Ibrahima Soumaré a la main hésitante. Crayon et gomme en main, il couche soigneusement quelques lettres sur une feuille blanche. Peu satisfait, il efface et reprend. Son exercice du jour: dessiner un graffiti avec le mot « top ».

« Ce n’est pas facile, surtout pour un nouveau comme moi », dit dans un sourire timide ce Sénégalais de 26 ans qui a abandonné ses études pour s’inscrire il y a deux mois dans une école de graffiti à Guédiawaye dans la banlieue dakaroise, le RBS Akademya.

Serigne Mansour Fall, alias Madzoo, un des 25 membres du collectif fondateur, assure que l’école créée en décembre 2021 n’a pas d’équivalent au Sénégal ni en Afrique. Elle se veut « un lieu de rencontre, d’échange, de partage de savoir-faire », explique-t-il.

L’objectif, « c’est d’apporter notre part d’héritage », « de former de jeunes professionnels » pour qu’ils soient « utiles » à la société et d’aider les gens à « prendre conscience des enjeux de leur époque ».

Les graffitis font partie du décor de Dakar et de sa banlieue où la culture hip-hop passionne de nombreux jeunes.
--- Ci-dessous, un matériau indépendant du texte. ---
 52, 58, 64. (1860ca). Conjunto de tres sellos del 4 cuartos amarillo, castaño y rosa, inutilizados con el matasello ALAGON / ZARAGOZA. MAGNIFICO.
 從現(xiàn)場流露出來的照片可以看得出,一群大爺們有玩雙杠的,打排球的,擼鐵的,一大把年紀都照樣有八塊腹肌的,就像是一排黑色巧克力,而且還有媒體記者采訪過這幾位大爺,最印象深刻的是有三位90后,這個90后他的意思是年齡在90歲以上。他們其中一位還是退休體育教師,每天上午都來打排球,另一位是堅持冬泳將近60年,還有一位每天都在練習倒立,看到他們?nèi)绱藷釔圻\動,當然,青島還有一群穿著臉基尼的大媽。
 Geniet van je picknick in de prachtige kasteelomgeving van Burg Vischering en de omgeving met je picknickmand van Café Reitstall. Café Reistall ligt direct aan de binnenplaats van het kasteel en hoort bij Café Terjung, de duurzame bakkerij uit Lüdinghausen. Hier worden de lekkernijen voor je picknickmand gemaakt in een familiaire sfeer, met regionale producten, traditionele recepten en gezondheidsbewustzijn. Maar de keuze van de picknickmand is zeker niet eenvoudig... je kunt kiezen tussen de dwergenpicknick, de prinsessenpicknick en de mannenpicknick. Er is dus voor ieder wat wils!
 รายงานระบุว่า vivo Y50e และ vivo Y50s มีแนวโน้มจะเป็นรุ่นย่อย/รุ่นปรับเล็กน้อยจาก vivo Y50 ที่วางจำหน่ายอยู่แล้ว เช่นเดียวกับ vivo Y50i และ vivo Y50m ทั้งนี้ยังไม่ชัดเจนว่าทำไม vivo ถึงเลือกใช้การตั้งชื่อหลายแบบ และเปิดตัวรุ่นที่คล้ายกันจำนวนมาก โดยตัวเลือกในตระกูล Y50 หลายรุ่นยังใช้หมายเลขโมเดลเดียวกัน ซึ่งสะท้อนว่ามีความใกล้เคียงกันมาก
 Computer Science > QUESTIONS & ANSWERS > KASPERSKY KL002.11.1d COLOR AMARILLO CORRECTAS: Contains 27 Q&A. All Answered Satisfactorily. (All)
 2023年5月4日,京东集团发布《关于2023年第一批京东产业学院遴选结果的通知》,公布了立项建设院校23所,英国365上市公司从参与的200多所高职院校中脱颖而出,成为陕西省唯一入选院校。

Le graffiti est apparu au Sénégal vers la fin des années 80 en même temps qu’un mouvement spontané de jeunes, « Set-Setal » (littéralement « propre et rendre propre »).
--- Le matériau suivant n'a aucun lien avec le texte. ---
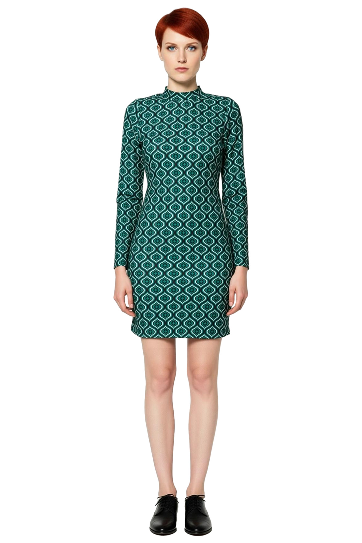 Ürün Özellikleri: Bodycon kalıp, polyester karışımlı materyal, geometrik desen, dik yaka, uzun ispanyol kol, örme kumaş, yeşil renk, astarsız tasarım.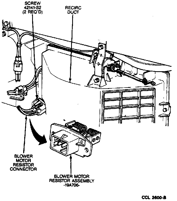 3. Remove the two resistor retaining screws and remove the resistor from the heater case.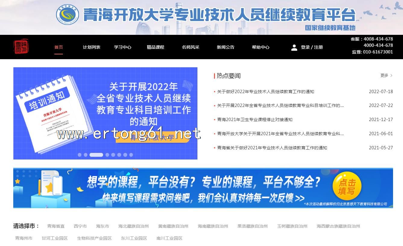 青海开放大学专业技术人员继续教育平台 专技天下网 专业课学习联系在线客服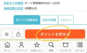 - ハピタスの楽天カードページで条件をよく読み、「ポイントを貯める」ボタンを押して、楽天カード公式ページへ行く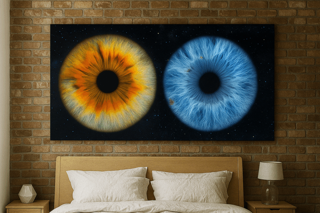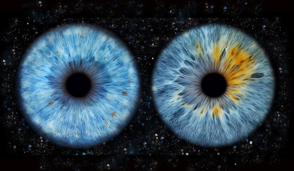 Øverst ser vi et øje i kolde, himmelblå nuancer, dækket af små jordfarvede pigmentpletter som stjerner i en klar nat. Nederst gløder en varmere iris med gyldne og ravfarvede struktur, som en solnedgang over isbjerge.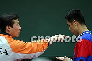 四月十日晚在北京海淀體育館舉行的奧運會乒乓球亞洲區(qū)預選賽中,中國小將王皓以4-1戰(zhàn)勝韓國選手朱世赫。圖為金澤洙在場邊為朱世赫進行現(xiàn)場指導。中新社記者:盛佳鵬
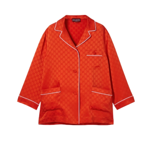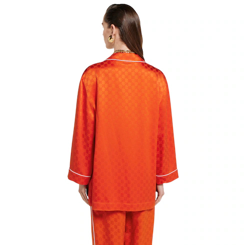 For the Pre-fall 2025 collection, colorful tops and dresses infuse ready-to-wear with a vibrant twist for the transitional wardrobe. This shirt in a bright orange is crafted from a delicate GG satin, complete with contrasting piping trim.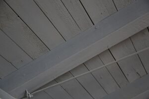 hellgrauer Anstrich. Nut und Kamm / Feder Verbindung. Breiten der Bretter 7-13cm Gesamte Anzahl m2: 4.500m2 | |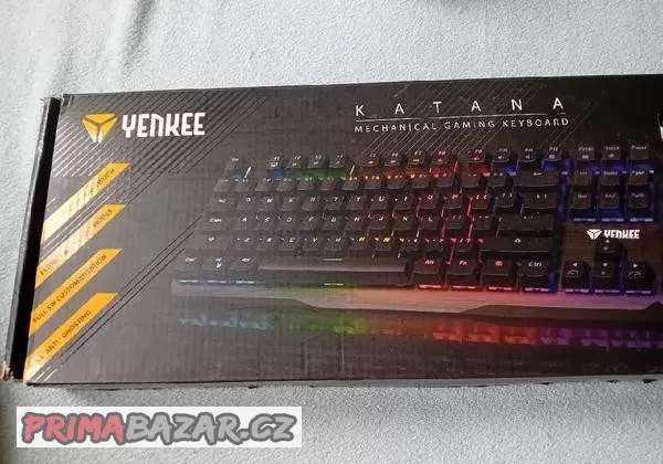 Jedná se o klávesnici (Yenkee Katana).Mechanická klávesnice k počítači s modrými switci.Podsvícení barevné.100 Procentní klávesnice. Parametry viz foto.Skoro nová, málo používána. Krabice v horším stavu.předání v Orlovicích nebo ve Vyškově.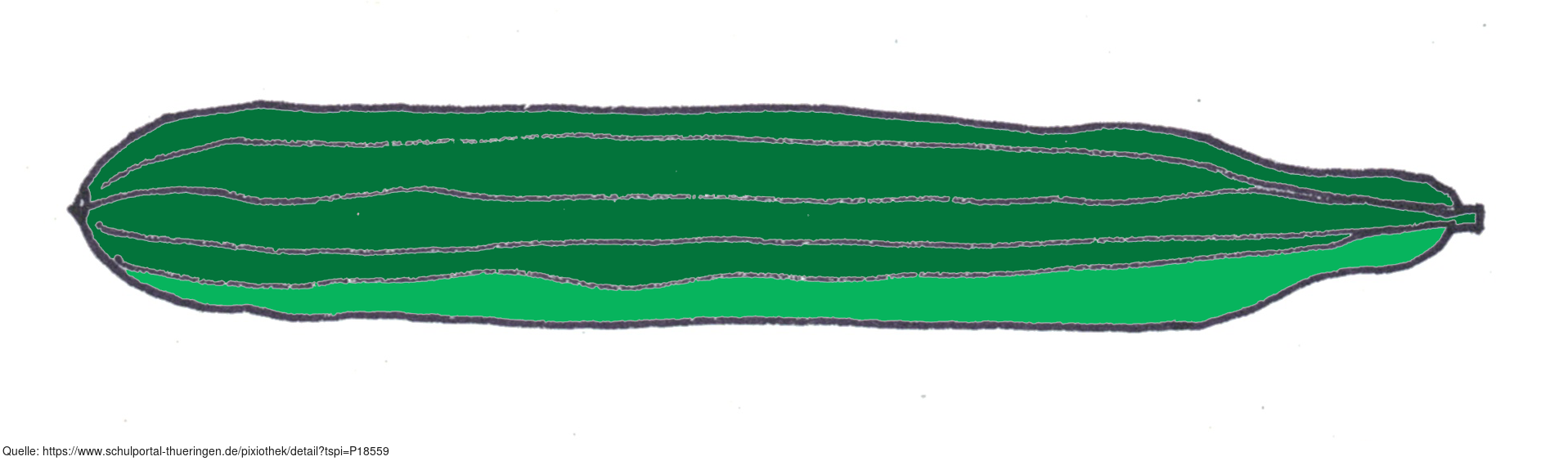Das Bild zeigt eine gezeichnete Salatgurke (farbig). Es gehört zur Serie "Ernährungspyramide zum Basteln und Gestalten" und findet u.a. im gleichnamigen Lernobjekt unter https://www.schulportal-thueringen.de/web/guest/media/detail?tspi=18517 Verwendung. Es gelten die Nutzungsbedingungen der Mediothek und Pixiothek.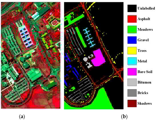 Pavia University dataset. (a) False color map; (b) ground truth map.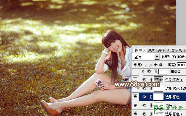 PS美女图片调色实例:给清纯甜美的少女外拍照片调出秋季暖褐...
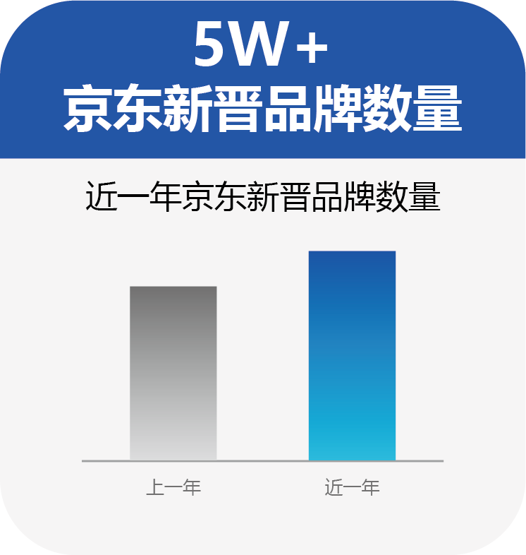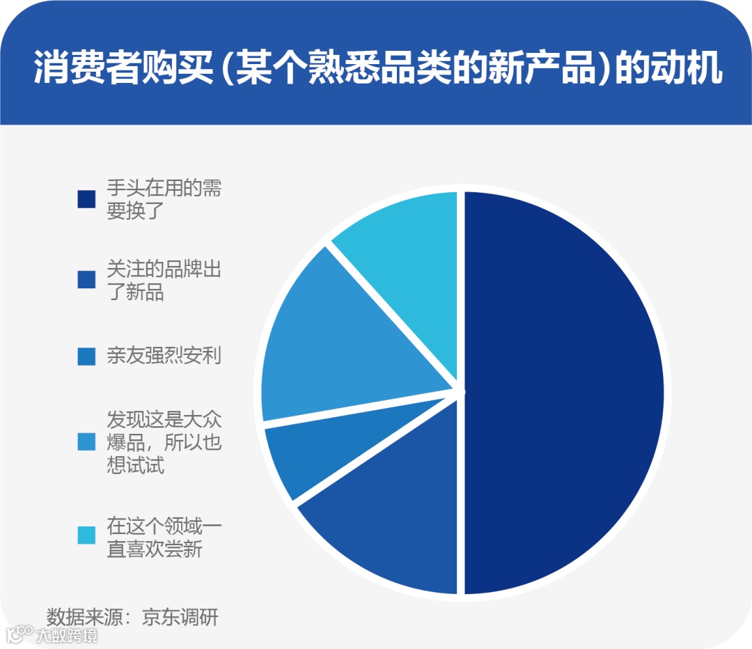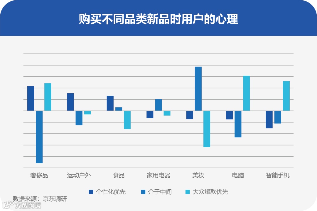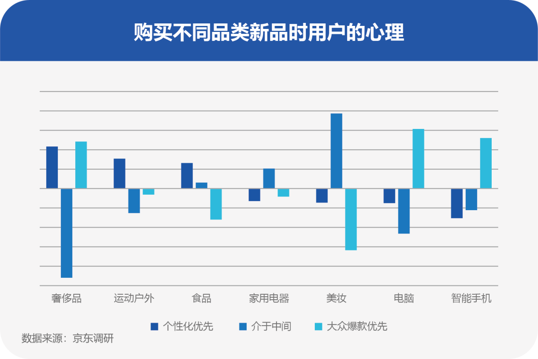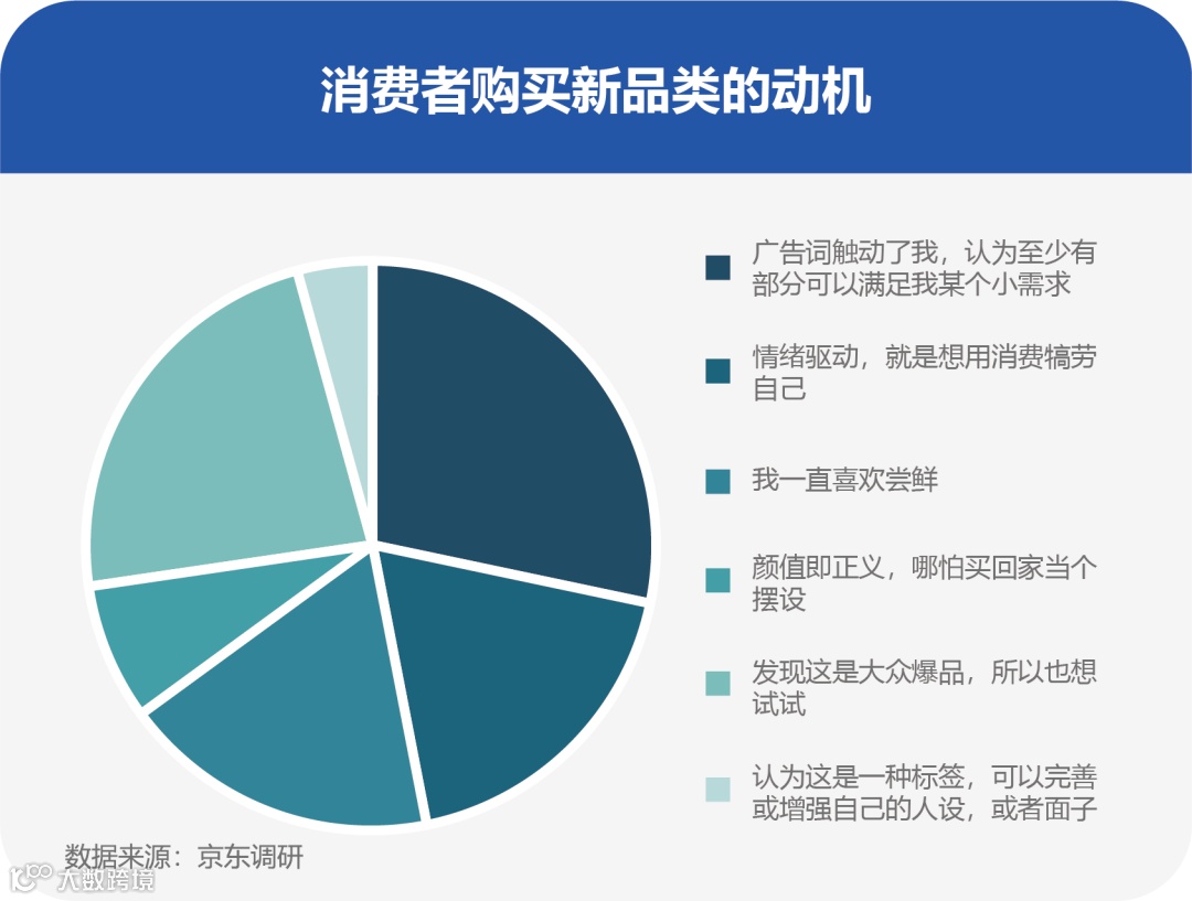 在上升且多元的市场中,消费者对新产品响应活跃,试错空间增⼤,品牌创新⼒得到空前的激活:近⼀年来京东新品销售额占⽐达62%*;另有调研显⽰:愿意马上尝试“不熟悉的新品类”商品的消费者达25%;

Ces jeunes combattaient l’insalubrité dans la capitale et sa banlieue et, après avoir nettoyé les quartiers, dessinaient sur les murs des images de marabouts afin de dissuader les habitants de jeter de nouveau leurs ordures dans la rue, raconte Madzoo.
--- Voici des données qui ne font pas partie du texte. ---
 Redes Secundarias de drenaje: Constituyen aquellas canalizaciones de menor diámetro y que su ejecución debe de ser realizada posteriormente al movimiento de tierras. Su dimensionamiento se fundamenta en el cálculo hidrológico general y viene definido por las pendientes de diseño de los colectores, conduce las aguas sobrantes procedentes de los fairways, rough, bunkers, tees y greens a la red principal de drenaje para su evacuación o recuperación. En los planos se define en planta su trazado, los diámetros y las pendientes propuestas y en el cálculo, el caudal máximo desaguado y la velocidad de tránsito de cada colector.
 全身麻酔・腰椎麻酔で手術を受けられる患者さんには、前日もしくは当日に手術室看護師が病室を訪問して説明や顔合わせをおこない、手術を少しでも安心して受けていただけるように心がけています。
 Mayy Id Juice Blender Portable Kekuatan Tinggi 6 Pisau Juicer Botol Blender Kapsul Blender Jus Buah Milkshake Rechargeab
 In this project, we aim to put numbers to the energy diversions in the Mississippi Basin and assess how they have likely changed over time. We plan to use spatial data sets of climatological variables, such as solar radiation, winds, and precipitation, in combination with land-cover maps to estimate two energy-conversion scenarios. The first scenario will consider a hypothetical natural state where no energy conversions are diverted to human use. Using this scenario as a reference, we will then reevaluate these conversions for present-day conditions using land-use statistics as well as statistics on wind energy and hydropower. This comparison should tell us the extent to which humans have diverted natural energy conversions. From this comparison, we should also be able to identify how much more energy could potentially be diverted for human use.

Naguère considéré comme un « métier de paresseux qui ne fait pas vivre son homme », le graffiti gagne aujourd’hui en reconnaissance, croit Madzoo.

Tableaux et graffitis rivalisent de beauté et de couleurs dans les couloirs du bâtiment de deux étages qui abrite l’école.

Une peinture d’un vieil homme à la barbe blanche captive le regard, une petite plante aux fleurs formées de coquillages germe de son crane rasé. « Il symbolise le panafricanisme », explique Madzoo, l’auteur.

La salle de classe, un espace avec une longue table de travail et un tableau mural, n’est pas moins panachée.

De gros caractères roses et verts décorent le mur à l’entrée. Le mot, difficile à décrypter, c’est « style », décode Ibrahima Soumaré. « J’avais aussi du mal à le lire avant », sourit-il.

Patient et fort
Le cours du jour s’articule autour du « concept art » – comment exprimer, matérialiser une idée – et les couleurs, explique Chérif Tahir Diop, dit Akonga, graffeur, designer, et désormais professeur.

« On n’est pas dans une école conventionnelle. Tout se fait dans un esprit léger », dit-il au son des mélodies de reggae diffusées par son ordinateur.

Libasse Sarr, 18 ans, et Maurice Diouf, 25 ans, ont aussi arrêté les études pour s’inscrire au RBS Akademya (RBS pour RadiK-L Bomb Shot).

Ils y recevront pendant six mois trois cours par semaine de théorie et de pratique.

Ils sont quatre en tout à à constituer la troisième promotion de l’école. Ils repartiront avec une attestation, non reconnue par l’État du Sénégal.

« On a décidé de prendre un effectif réduit pour travailler dans les meilleures conditions », assure Madzoo.

Les élèves versent une inscription de 25.000 francs CFA (environ 40 euros) et payent 15.000 francs CFA (environ 23 euros) chaque mois.

RBS Akademya, très active sur les réseaux sociaux, sert aussi de résidence artistique.

Selon Madzoo, quelques artistes étrangers y séjournent de temps en temps pour participer à des expositions ou partager leur expérience.

Initié au graffiti dès l’âge de 7 ans par des aînés dans son quartier, Madzoo, 36 ans, lunettes noires sur les yeux, compte parmi les figures sénégalaises de cet art de la rue.

Il se dit panafricaniste, engagé au « côté du peuple », et n’hésite pas à prendre position.

En 2021, au lendemain d’émeutes qui avaient fait une douzaine de morts, une fresque murale qui portait la signature de son collectif avait été largement partagée sur les réseaux sociaux.

Elle représentait le président Macky Sall, manche de costume aux couleurs de la France, tirant à bout portant sur un jeune.

Le dessin avait vite et mystérieusement été effacé. Madzoo affirme depuis subir des pressions politiques du pouvoir.

Ses élèves se sont inscrits dans l’école par passion, conscients du peu de débouchés de leur activité. I

ls espèrent connaitre un jour le même succès que lui et rêvent de voyager pour exprimer leur talent. Mais il « faudra être patient et fort », prévient Akonga.